Many existing diarization systems rely on cloud processing, but that introduces major cost and latency issues. Streaming audio buffers to the cloud introduces unpredictable delays, especially over cellular networks. Additionally, every minute of cloud inference incurs variable costs from AI compute time to bandwidth, latency round trips, and storage; this makes cloud-based diarization expensive at scale. For example, Picovoice's proprietary diarization costs up to $3 per hour of audio, making processing 1,000 hours of meetings cost up to $3,000.
While post-processed diarization can be more accurate, it introduces its own problems. One major issue is cold start: when users launch a voice app, post-processing systems initially assign generic labels like "Speaker 1" and "Speaker 2." These labels lack real-world context, forcing users to guess who said what after the fact. This adds cognitive friction and undermines the value of automation. In contrast, real-time diarization allows assigning names or roles as people begin speaking, maintaining consistent speaker identity throughout both intra-session and inter-session periods.
This article will go into detail on our attempt and learnings from trying to convert diarization models to run efficiently on CoreML, and how the Fluid Inference platform helped us achieve this in a fraction of the time it would have taken otherwise.
The Limitations of Current Local Diarization Solutions
There are some solutions out there that allow developers to run speaker diarization models on local devices like macOS, but they were either focused on CPU, written in Python, or had proprietary licensing. As developers building local AI applications across Apple, Windows, and Android, we've experienced firsthand how limiting these constraints can be.
Pyannote, while widely regarded as a benchmark for speaker diarization, does present notable limitations for on-device, real-time applications. Its Python-based implementation is ill-suited for native macOS development. Adding Python as a dependency introduces a substantial download size, requiring approximately 200MB for a minimal Python installation plus 350-500MB for the necessary computing libraries (NumPy, PyTorch, and SciPy). This is unsuitable for native applications that are usually less than 100MB in total.
Another option was sherpa-onnx, which offered Swift support; however, it falls short for real-time, on-device diarization on macOS due to its lack of support for ANE (Apple Neural Engine), requiring inferencing on the CPU. This resulted in higher latency and power usage—critical drawbacks for real-time applications.
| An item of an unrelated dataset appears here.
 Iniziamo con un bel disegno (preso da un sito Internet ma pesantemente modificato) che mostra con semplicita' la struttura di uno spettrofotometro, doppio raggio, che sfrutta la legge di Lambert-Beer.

Additionally, sherpa-onnx lacks tight integration with Swift and CoreML, making it cumbersome to manage for macOS development with all the C++ header files and bindings. These limitations ultimately led us to favor a CoreML pipeline optimized for Swift processing and Apple hardware.
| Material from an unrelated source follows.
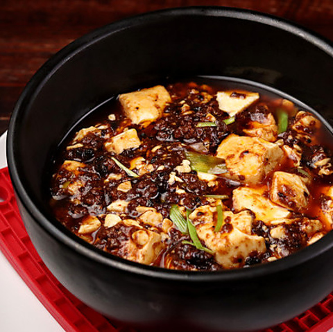 当店一番人気の「本格四川麻婆豆腐」は1200円(税込)。本場のスパイスを効かせた奥深い味わいが特徴で、辛さは「パンダ(マイルド)」から「ドラゴン以上(激辛)」まで4段階からお好みで調整可能です。石焼スタイルや炒飯、おこげに乗せたアレンジメニューも充実しており、お酒のおつまみや〆の一品としても大変ご好評をいただいております◎

Engineering On-Device Diarization
Converting PyTorch Models to CoreML
There were other speaker diarization models that we were considering for conversion but we ultimately went with Pyannote’s segmentation model and WeSpeaker embedding because of their popularity, accuracy and speed.
Speaker diarization uses two models; the segmentation and speaker embedding model. Running these models efficiently on macOS and iOS required integration with Apple's on-device machine learning ecosystem. At the core of this is CoreML, Apple's framework for executing machine learning models directly on devices, which presented unique challenges and required careful engineering.
The first major issue we encountered for model conversion was that the PyTorch library had functions that were unsupported in CoreML files. For example, when attempting to convert the embedding model, we encountered runtime errors such as:
# Original PyTorch code using unsupported operations
features = torch.vmap(fbank_partial)(waveforms) # vmap not supported in CoreML
# Replaced with this
features = torch.stack([fbank_partial(w) for w in waveforms.to(fft_device)]).to(device)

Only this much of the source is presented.